Xu et al. [29] organized an automated time-series regression challenge (AutoSeries) aiming at pushing forward research on automated time series. The challenge used 10 time-series datasets from different domains. Competitors delivered a considered contribution to solving the problem showing efficient models compared to the baseline benchmark model (single LightGBM [111]). Also, showing efficiency in a post-hoc evaluation compared to AutoGluon [87] AutoML framework benchmark where all of the winning solutions outperformed the vanilla AutoGluon technique. Most participants, except the first two winners, used default or fixed hyperparameters. The second winner optimized only the learning rate while the first winner used the hyperparameters optimization techniques of AutoML demonstrating the feasibility and efficiency of automating time series regression.

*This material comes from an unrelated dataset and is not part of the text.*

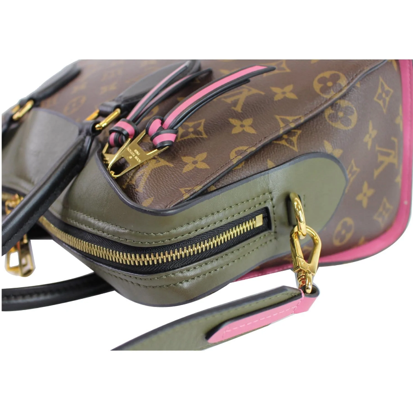 Size: W 13.6" H 9.8" D 5"(Length x height x width ) Coated Monogram canvas with cowhide leather Colourful cowhide leather trimMicrofiber liningGoldtone metallic pieces2 Toron leather handles removable tricolor strap Zipped closure outside zipped pocket with leather
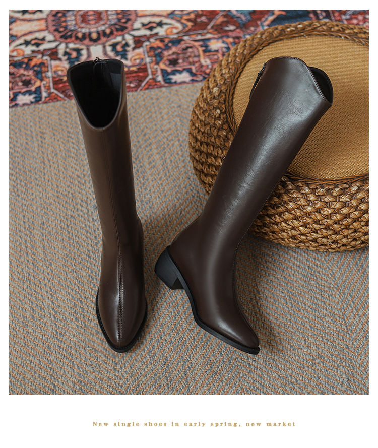 111 무릎 위까지 오는 웨스턴 카우보이 부츠 2025 뾰족코 부츠 와이드 롱부츠 여성 겨울용 플리스 안감 하이부츠 여성용 천연 가죽스토어 가기

Paldino et al. [18] evaluated four AutoML frameworks (AutoGluon, H2O, TPOT, Auto-sklearn) against a benchmark of traditional forecasting techniques (naïve, exponential smoothing, Holt-Winter’s) on different time-series forecasting challenges including single variate, multi-variate, single-step ahead, and multi-step ahead with limiting the allowed computational time of AutoML methods to provide a fair comparison. Their results showed that AutoML techniques are not yet mature to address time-series forecasting problems and concluded that this should encourage researchers to a more rigorous validation and work in the field.

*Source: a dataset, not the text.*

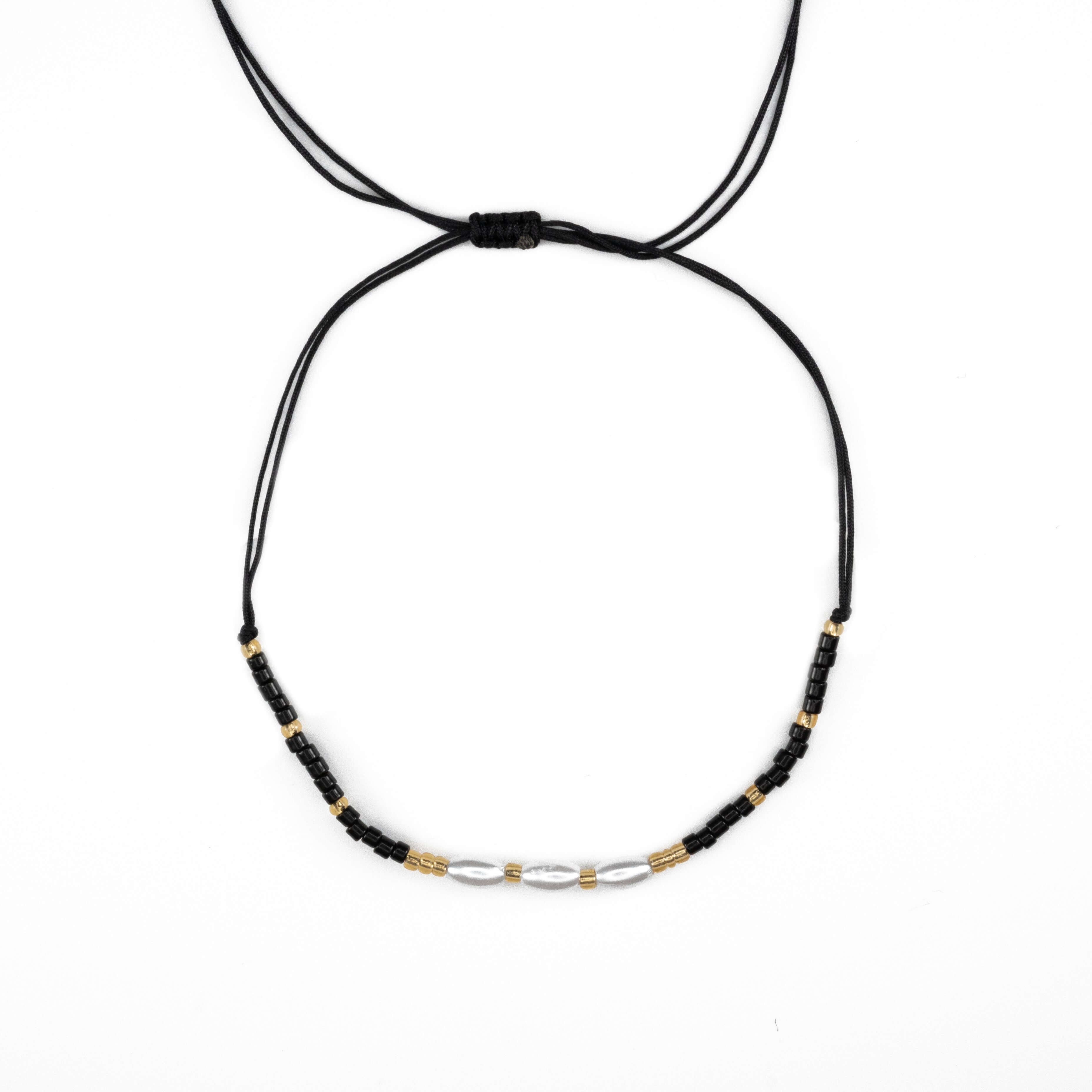Ръчно изработена гривна с черен конец и перли, елегантен акцента за бохо стил.

Javeri et al. [112] presented a data augmentation method to improve the performance of neural networks and unlock their power on intermediate length time series. The researcher demonstrated that combining data augmentation with AutoML techniques such as Neural Architecture Search (NAS) can help to find the best neural architecture for a given time-series dataset along with significant enhancement in the accuracy. In that work, the accuracies of three neural network-based models for a COVID-19 dataset were enhanced by 21.41%, 24.29%, and 16.42%, respectively.

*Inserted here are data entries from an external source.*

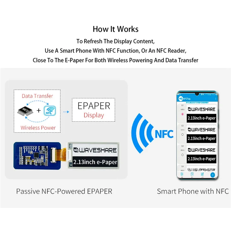 Waveshare 2.13 Inch Wireless NFC-Powered EPaper Eink E Paper E-Ink Display Screen Module for Mobile Android APP, No Battery - Купить с бесплатной доставкой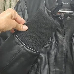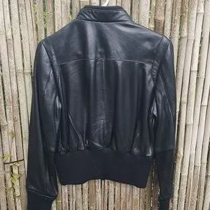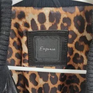 Leather cropped , leopard print lining. ribbed knit cuffs and waist in very good used condition. no size tag but fits like a small.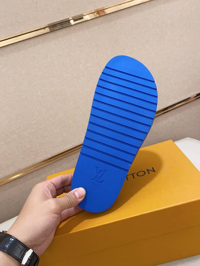 / 工厂价: LV打造顶级代购 男士春夏拖鞋专柜同步 鞋面意大利进口牛皮搭,标志图形高品质工艺,鞋底:原厂特供原版底,独家活动成型底超级舒适,原厂跟单货,高品质,可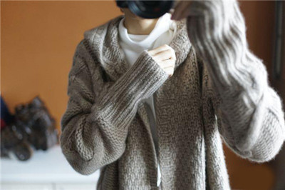 European Station Spring Autumn Wool Needles Weaselwear Korean version Long version over kneecap wool big coat easy to thicken sweater jacket

Table 2 provides a comparison of the relevant efforts in time-series prediction:

Table 2 Related works comparison

The previous works used or compared a limited set of models to forecast time-series data. Most papers have used two main techniques to resolve the problem: linear modeling and DL. This problem was solvable to some extent with acceptable accuracy by DL. There were very limited studies on the use of AutoML. Our work, however, aimed to overcome the problems by reviewing more models and AutoML frameworks. It extends and generalizes the concept of AutoML.

4 Conclusion

The significance of time-series analysis has been growing in the last decade after larger amounts of data were generated calling for robust time-series modeling tools in different applications and disciplines. However, modeling this type of data is a difficult task. Modeling techniques of time series include linear modeling, DL, and AutoML. Linear models are the simplest but might result in inferior prediction accuracy. DL achieves higher but demands experience and patience to design a model and optimize hyperparameters. AutoML automatically finds a reasonable ML model and optimizes it where many AutoML frameworks can be employed to forecast time-series data. However, AutoML for time-series is still in the evolution phase and requires efforts from researchers to become an answer for the problem of modeling time-series. This article introduced different methods to be used to forecast time-series data including AutoML. It also reviewed relevant works conducted to answer the problem. A comparison between different AutoML frameworks and techniques was provided. This work is novel in describing different AutoML frameworks that can be used to model data. However, some study limitations should be acknowledged such as this work didn’t provide an empirical study about the potential of the different methods. The next step should be to conduct an empirical study to compare by experiment with different ML and AutoML techniques to solve the problem of modeling time-series.